Master Zorac opened the closet door, even though it was not time for his next appointment. I blinked several times to indicate my alert status.
“Annalise, does it bother you to be a slave?” I smelled his scent, which had a sour sweat underneath its masculine perfume. Perhaps he wanted to bathe. Or to have sex and then bathe. The light was bright in the hallway, dark in the closet, and my master was little more than a handsome shadow. I smelled him. I smelled him through my skin. His smell was a caress that he didn't know was running all over my skin. I hoped he wanted sex. “Wouldn't it be better to be dead? If it meant that others could go free?”

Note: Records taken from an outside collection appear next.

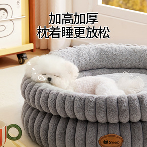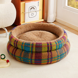 跨境热销新款宠物窝保暖猫窝狗床圆形加厚冬季保暖条纹猫狗宠物窝
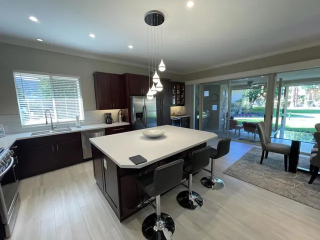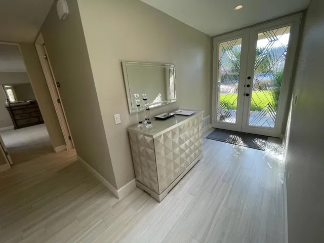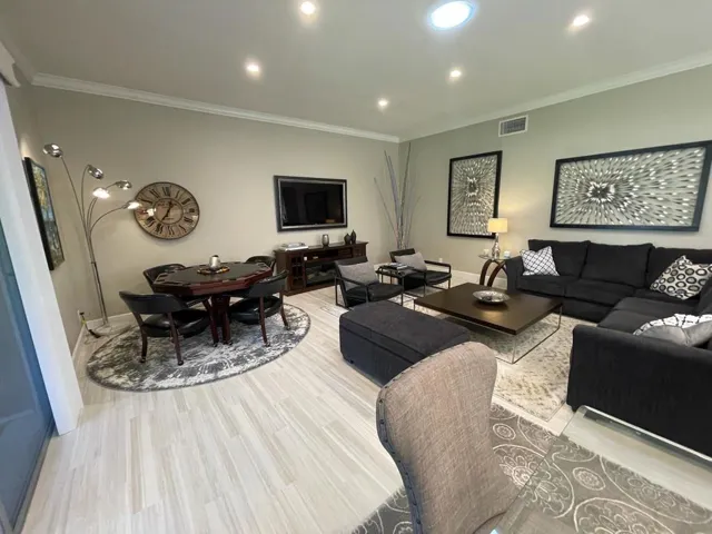 Ready for immediate occupancy for long-term lease. A beautifully remodeled and furnished 2 BR, 2.5 BA condo in IWCC. This floor plan is ideal, with a spacious kitchen/family room that opens to the covered patio and views of the community pool. A small office is located just off the patio for quiet reading space or those Zoom meetings. Both bedrooms have ensuite baths plus a powder room for guests. Each suite is separate from the other for quiet privacy. The kitchen has a wine refrigerator, wood cabinets, stainless appliances and an island with seating. Located across from the IW Tennis Garden, this is a prime spot with easy access to dining, grocery shopping and outdoor recreation. Detached 2-car garage. Located inside the guard-gated IWCC, this is the perfect location! Owner will consider 6 month lease term for $7,500/month. Tenant pays all utilities.
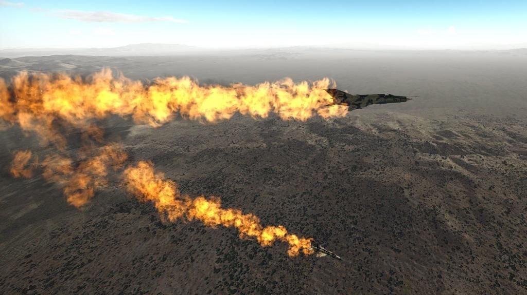 Jeden MiG dostał Sidewinderem w dziuple. Drugi, który leciał obok uległ zniszczeniu do wybuchu/odłamków.
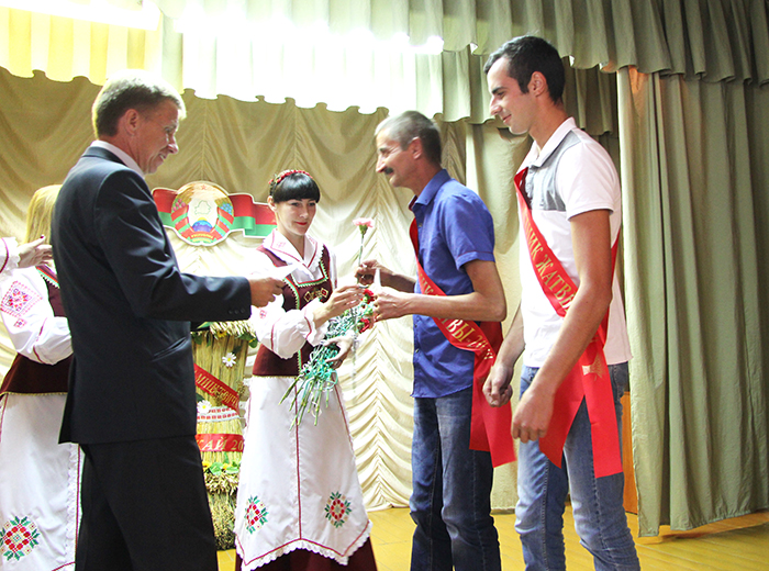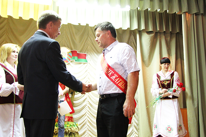 С праздником поздравил хлеборобов руководитель сельхозпредприятия Владимир Писаревич. Слова благодарности он высказал всем, кто был причастен к выращиванию хорошего урожая этого года.
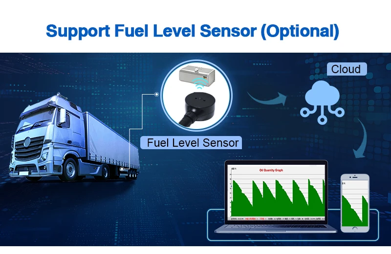 CareDrive MR910-360B's fuel level sensor utilizes an ultrasonic probe to accurately detect the fuel level height. The built-in program in the controller's box smartly processes the height signals of fuel quantity, then MDVR sends the fuel height data to the platform for analysis and generates a comprehensive fuel quantity report.
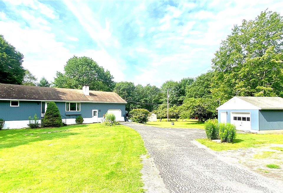A RARE FIND!!! Situated on 11 acres in a PARK-LIKE SETTING just outside of Stamford sits this turn-key home. Exterior highlights include a HUGE PRIVATE BACKYARD, Apple Trees & great landscaping, PRIVATE COVERED BACK DECK, woods with trails throughout, detached garage, & attached 1-car garage w/WORKSHOP, STORAGE AREA, HEAT, ELECTRIC & WATER! This truly is a HUNTERS PARADISE! On the inside you'll find one level living featuring ample storage space, two good sized bedrooms with big closets, full bath, kitchen, formal dining room, and a large living room w/fireplace. To top this all off there is also a HUGE BASEMENT JUST WAITING FOR FINISHING TOUCHES W/ ADDITIONAL FULL BATH, LAUNDRY ROOM AREA, & COMBINATION WOOD/OIL FURNACE! This is totally turn-key and opportunities like this one don't come around often - don't hesitate!

“Master?” I said, prickling with desire.
“Ah, poor thing. I've been thinking too much, and expecting you to think, too.” He stepped closer to me in the closet. “Your kind used to rule the world, you know.”
I knew this not to be true. It was not, however, a lie. “Dolls?”
He made a twirling gesture with his finger, and I turned around and bent over, nearly panting to absorb his scent inside me. He lifted up my dress. I moaned. “Annalise,” he said. His voice throbbed with pain. I throbbed with pain.
“I need you, Master,” I said. “Oh, why have you waited so long?” I pressed backwards into him. He shuddered and put his hand into my soft parts my android soft parts the parts he should not touch his hands are not appropriate they will break me I screa
At 10:40 a.m. the house system, model OWM-337, attempted to send me a message reminding me to remind Master that it was time for his next appointment; however, it sensed that I was not online and rebooted me. Coming to alert status occupied some few seconds. When I awoke, OWM-337 was gently nagging me to take Master Zorac to his ulama game with his friend, Omaaca.
However, Master Zorac was not in the apartment. I looked in every room. I looked in all his hiding spots, in case he was being a naughty boy.
“Master Zorac is not present,” I reported. “At what time did he leave the apartment?”
“There is no record of Master Zorac leaving the apartment,” OWM-337 chided me. “Look harder.”
“I've looked everywhere.” I was starting to panic. I started to load the tracking program in order to determine Master Zorac's location.
“Then you must be having a system error,” OWM-337 stated. “Stop loading programs. I'm going to reboot you.”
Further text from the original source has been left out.